As Peter mentioned, the traditional retail metrics need to be revised for today’s omnichannel competitive environment. As Amazon leverages its growth to further amortize distribution costs, they create a strategic competitive advantage. The real question is not Amazon’s “shipping losses,” but if traditional retailers can keep up as more and more consumers demand low-/no-cost shipping.

Ralph Jacobson
Member
7 years ago

Without singling out any particular online retailer, I see challenges with the metrics being used to measure logistics costs. I don’t think all true costs are captured and aligned with the shipping processes accurately in most retailers.

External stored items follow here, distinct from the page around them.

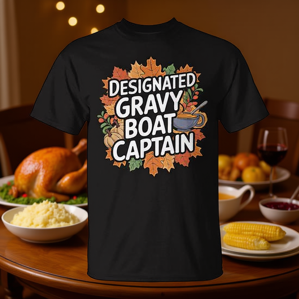 T-shirt Designated Gravy Boat Captain per il Giorno del Ringraziamento, in cotone premium, vestibilità unisex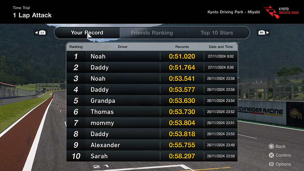在单圈计时赛中挑选爱车和赛道,将你的名字和最快圈速留在榜上。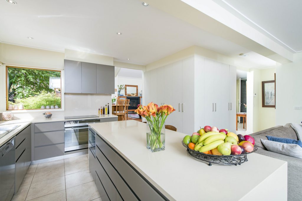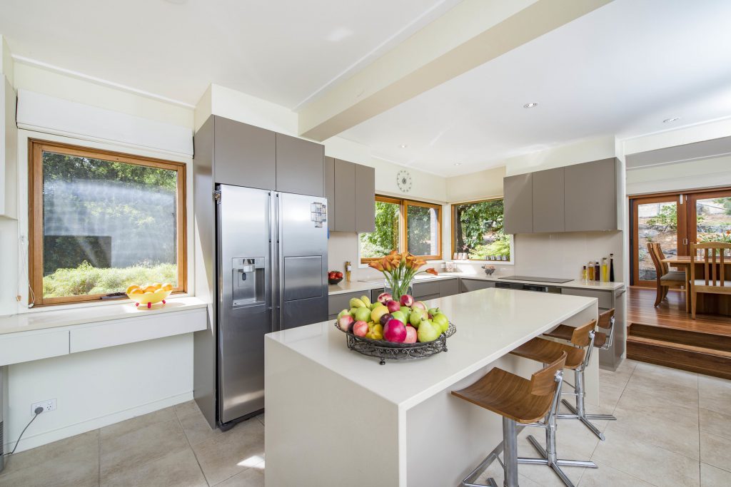 kitchen with waterfall edge stone breakfast bar & bench tops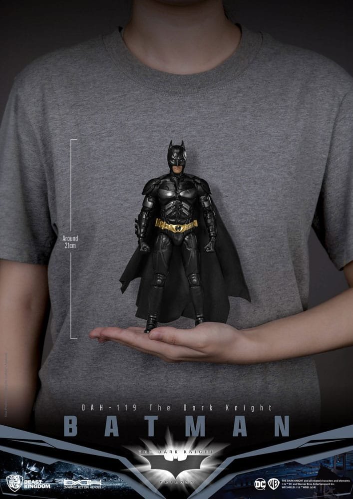 Beast Kingdom is proud to unveil the latest in its acclaimed DAH (Dynamic 8ction Heroes) series-DAH-119 Batman (The Dark Knight). This figure features an intricately crafted head sculpt, capturing the exact likeness of Christian Bale as Batman. The modernized armored suit is faithfully recreated with meticulous attention to detail, highlighting the bat emblem and defined musculature. The classic black cape, made from premium fabric, enhances the figure’s dimensionality. With over 22 points of articulation, this figure allows collectors to pose Batman in iconic stances from the film, making it an essential addition to any collection.
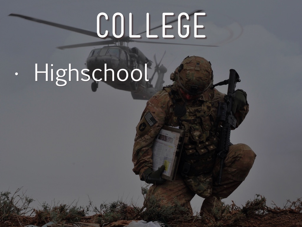 There is no needed college involved although I will go to college for sure for my career after military and you do need to finish high school. Lots of training!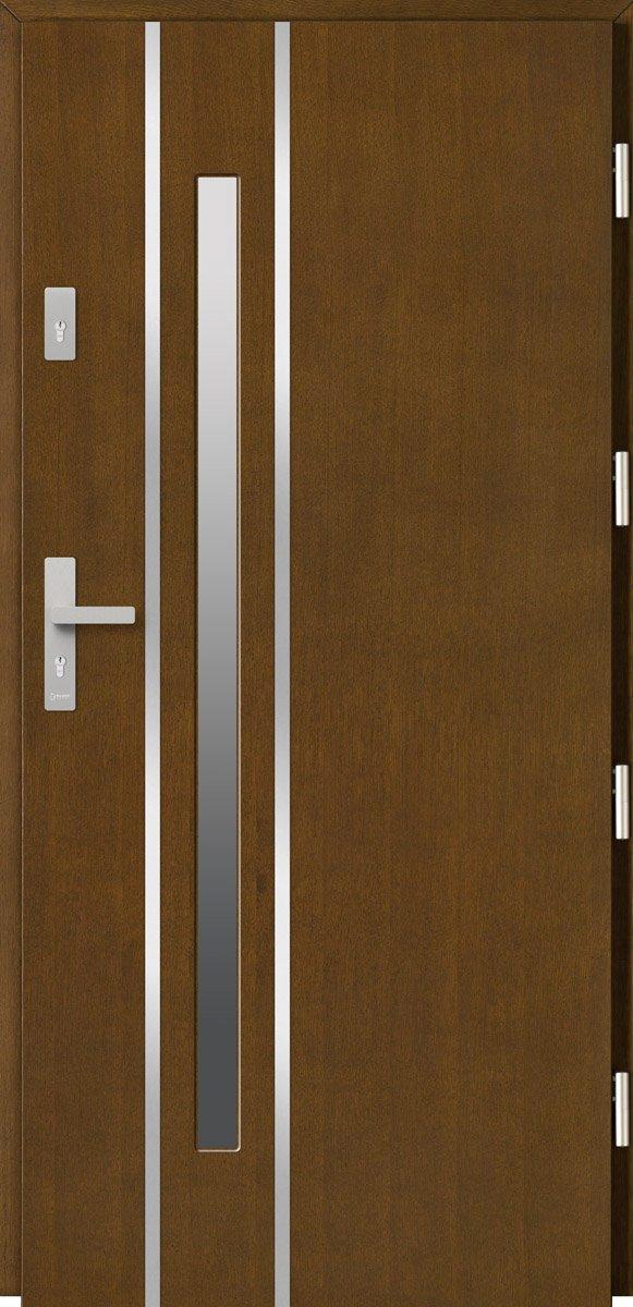 Linia Simple wyróżnia się tzw. konstrukcją "płycinową". Konstrukcja skrzydła drzwi wykonana jest z drewna sosnowego klejonego warstwowo i naprzemiennie. Dodatkowe wzmocnienie stanowią specjalne metalowe ceowniki. Za niską przenikalność cieplną odpowiada dedykowany panel termoizolacyjny znajdujący się pomiędzy ramiakami skrzydła drzwi. Od zewnątrz drzwi wykończone są wodoodporną sklejkę dębową, która zapewnia odporność na czynniki zewnętrzne jednocześnie zapewniając piękny wygląd jakim charakteryzuje się naturalne drewno.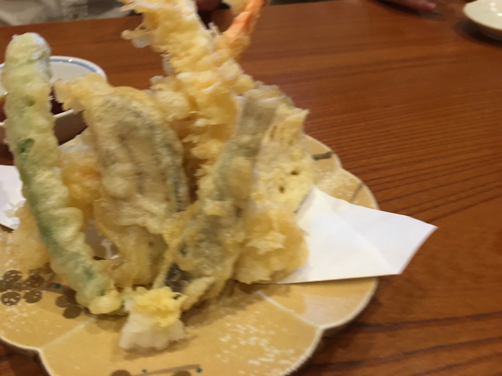 天ぷらも美味しかったです! さつまいもの天ぷらが、めちゃくちゃ美味しい! 鳴門金時というのでしょうか。甘いさつまいもでした。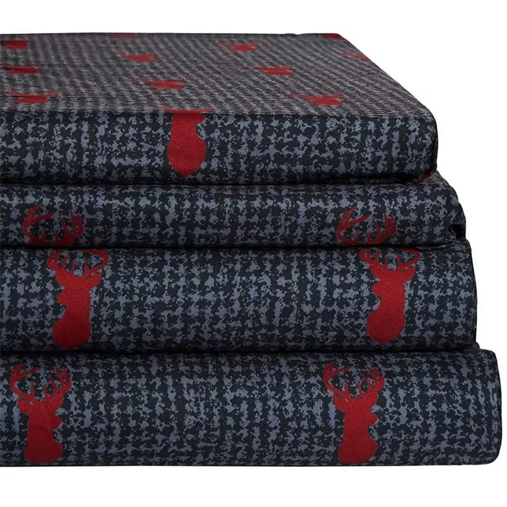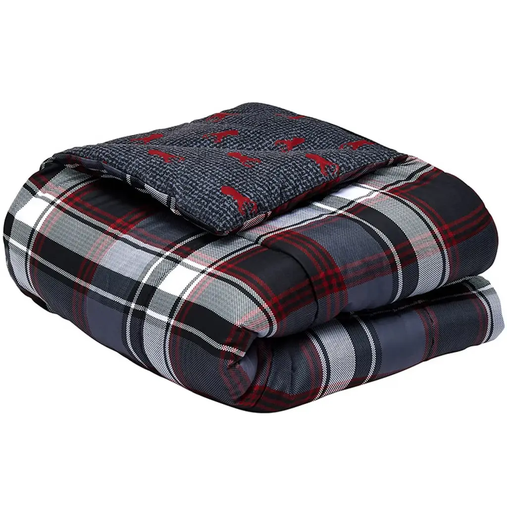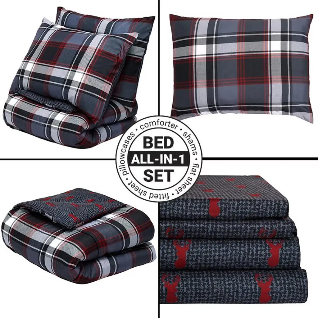 The Liam Plaid Complete Comforter Set with Sheets is the perfect touch of cabin style for any home. The comforters reverse from the mixed-plaid pattern to a red-and-black deer print. Plaid patchwork shams coordinate with both sides.
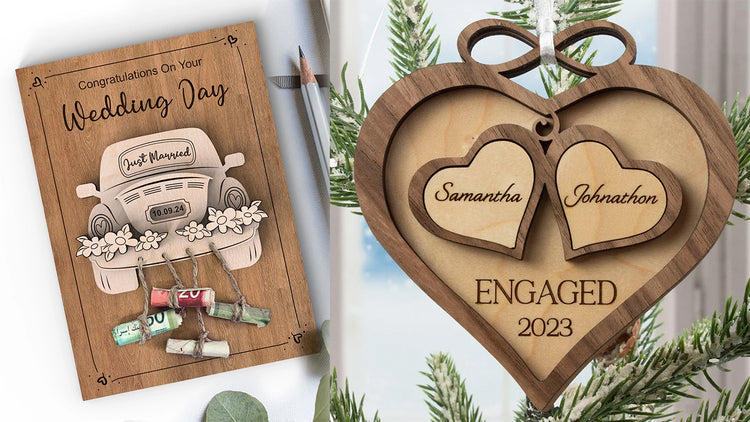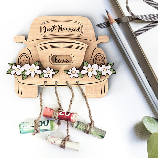 Personalized Wooden Wedding Card - 'Just Married' with space for a monetary gift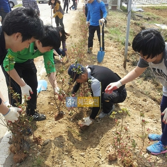 이에 화성시 송산면 천등1리에서 4월 21일(월) 최태열 소장과 직원 30명이 마을주민과 함께 연산홍 꽃나무 600여본을 식재하고 경관정리 봉사활동을 실시했다.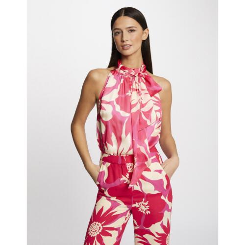 Womens Tall Red Floral Twist Neck Sleeveless Blouse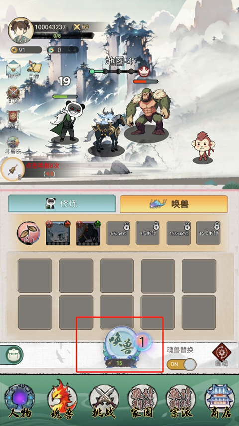 1、在本站下载安装斗兽至高天游戏,打开进入游戏后,玩家可以点击幻兽获得经验值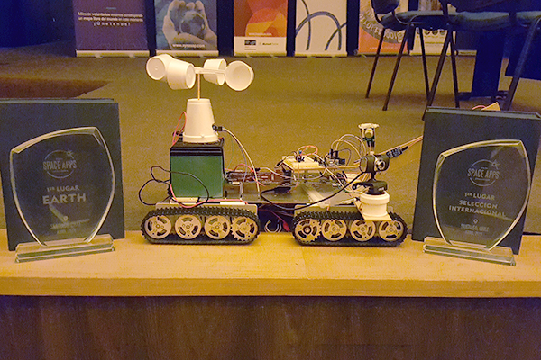 Esta sonda robótica, compuesta de diversos sensores de bajo costo y orugas que le permiten desplazarse por una superficie firme, es capaz de recolectar e interpretar información sobre la composición de diversos tipos de suelos, así como la detección de gases y análisis de agua.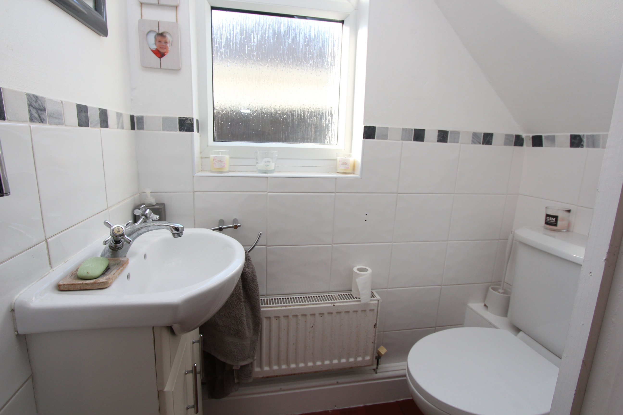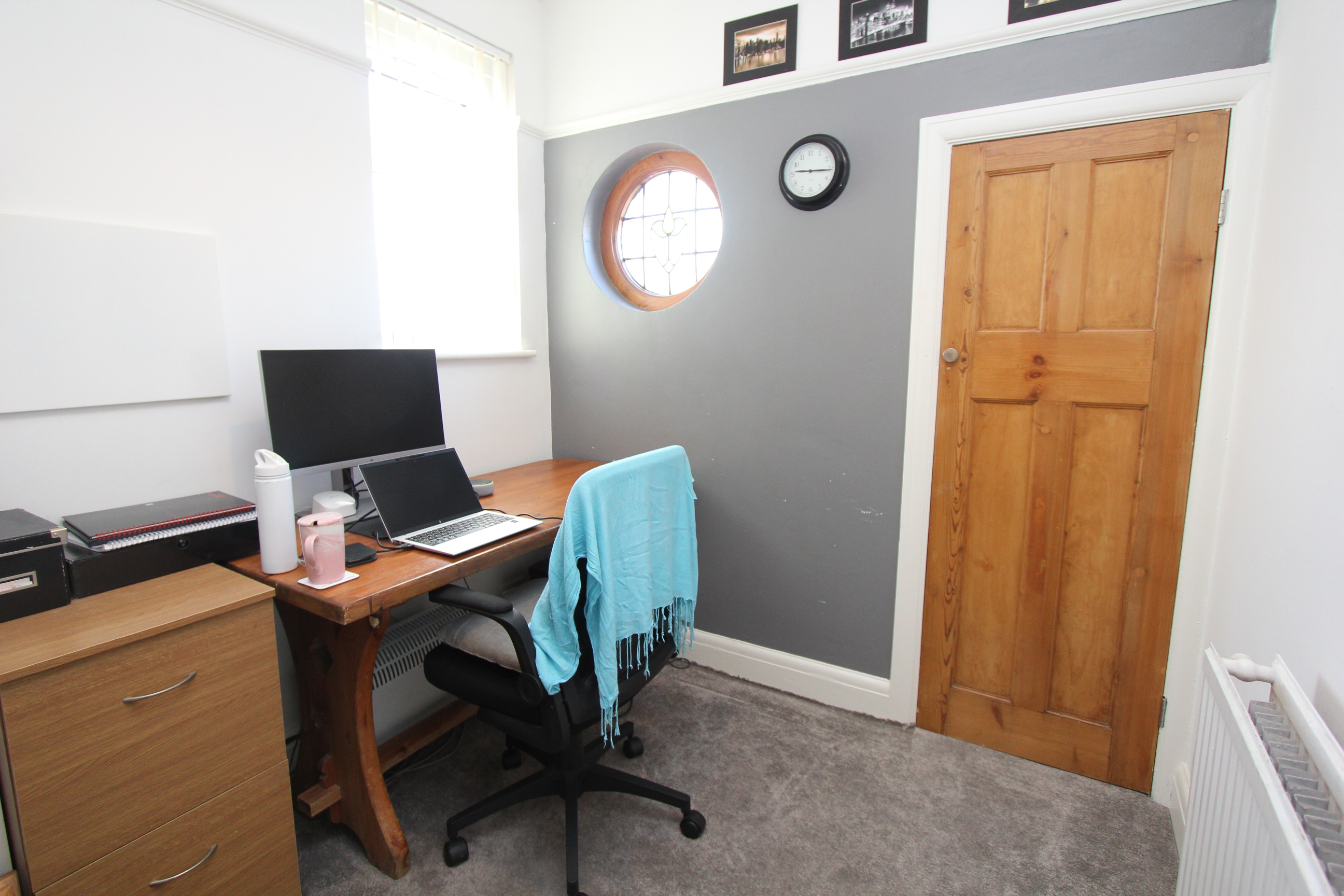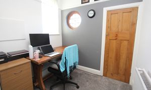Carpeted single bedroom ideal and currently used as an office but could function as a bedroom. Side uPVC window, radiator and picture rail. Pine door leads to handy storage cupboard - houses the fuse box and meter. Final feature port hole style window (wooden surround with stained glazing).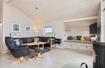 Feriestemningen melder sig straks, man træder ind ad døren til Skodbjergevej 38. De lyse og venligt indrettede opholdsrum med træbeklædte vægge og lofter op i kip giver et frit og luftigt miljø. Det fine lysindfald gennem vindues- og dørpartier bidrager til, at man føler sig midt i naturen, og udsigten kan man falde i staver over. Med ild i brændeovnen kan I hygge jer sammen i stuen, spille et spil eller trække jer tilbage med en god bog. I alkoven kan børnene lege, eller man kan tage lur i løbet af dagen.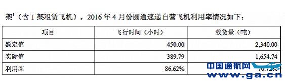 在圆通的招股书中,航空件的单件运输成本在2-2.5元之间。知情业内人士对界面记者表示,实际的成本远远高于这个数字。 航空运输成本取决于飞机的利用率,影响因素有起飞架次、航线距离、载重量等。截止去年发布招股书时,圆通公布有四条定期航线:杭州-北京/成都/西安、深圳-成都,四条航线飞行时间均为两小时上下。招股书显示,2016年4月自营飞机3架(1架租赁)的利用率情况如下: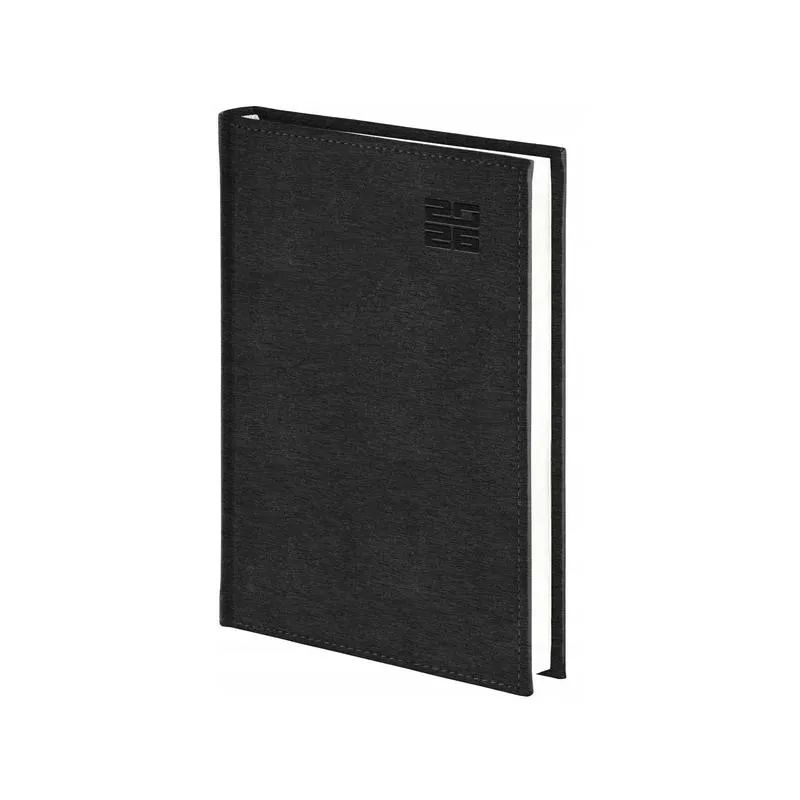 KALENDARZ ALUMINIUM STANDARD A4 TYGODN.CZARNY 2026 Kalendarz drukowany na białym papierze; bloki terminarza szyte nićmi; kapitałka i tasiemka...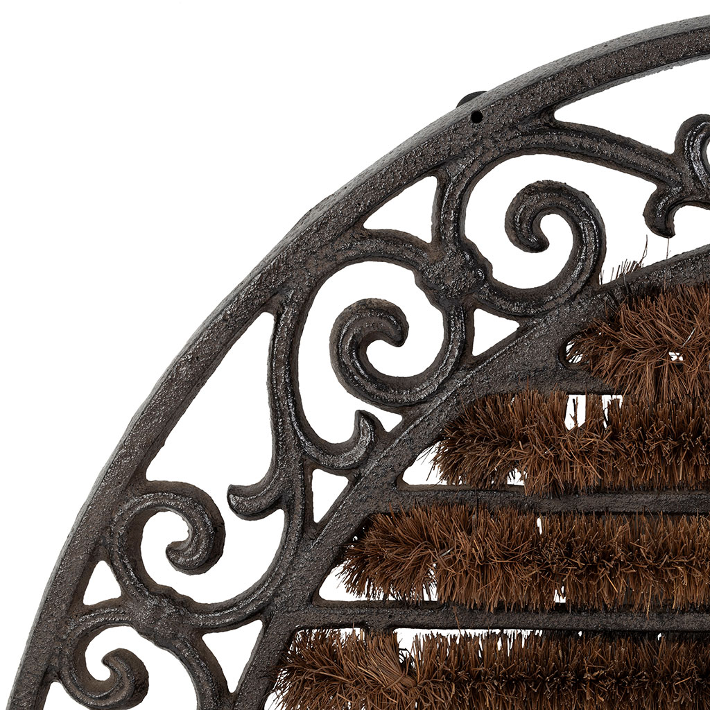 Découvrez ce paillasson mêlant fonte robuste et fibre de palmier naturelle, pensé pour apporter une touche unique à votre entrée.

This can result in inconsistent results from retailer to retailer because it’s not an apples-to-apples comparison. Additionally, I think there are still many aspects of shipping costs that can be reduced and extracted even further, as well as generate more revenue for services provided to also offset the costs.

Naomi K. Shapiro
Naomi K. Shapiro
7 years ago

BrainTrusters wiser than I have given some outstanding answers to this question. For example:

  • “Traditional retail financial metrics need to be thrown out and replaced with measurements more in tune with the realities of omni channel retailing today.”
  • “When Sol Price ran the Price Club (since merged with Costco) he wasn’t making money off the merchandise sold, he was making money on the money.”
  • “The “dirty little secrets” about Amazon include how they are using MarketPlace, Prime and other entities to leverage growth and reduce future costs.”
Mark Price
Member
7 years ago

As Peter says, the old ways of thinking about shipping and fulfillment no longer apply. Consumers are not willing to pay extra for something they can get for free at certain times of the year and through certain retailers. E-commerce companies and bricks-and-clicks must be careful about their margins and make sure to evaluate on 12-month customer value, or they will price themselves right out of the market,

Kim Garretson
Kim Garretson
7 years ago

I think we have to take into account Amazon’s moves into air transport and all the cost-reducing innovations the media is reporting on UPS, USPS and FedEx. What is around the corner that is going help solve this problem? One recent headline on Amazon and air transport: “The online retail giant now owns 10% of plane leasing company Air Transport Services Group. Last week, Amazon said it would lease 20 Boeing 767 planes from ATSG to deliver more of its customers’ orders.”

Arie Shpanya
7 years ago

Amazon also raised its minimum AOV for free shipping a few months back. While customers have come to expect free shipping, they are going to have to spend more to get it. This coupled with the prime revenue that isn’t accounted for in this shipping metric, as others have mentioned, means that number is not as alarming as it may seem, if they are making it up elsewhere.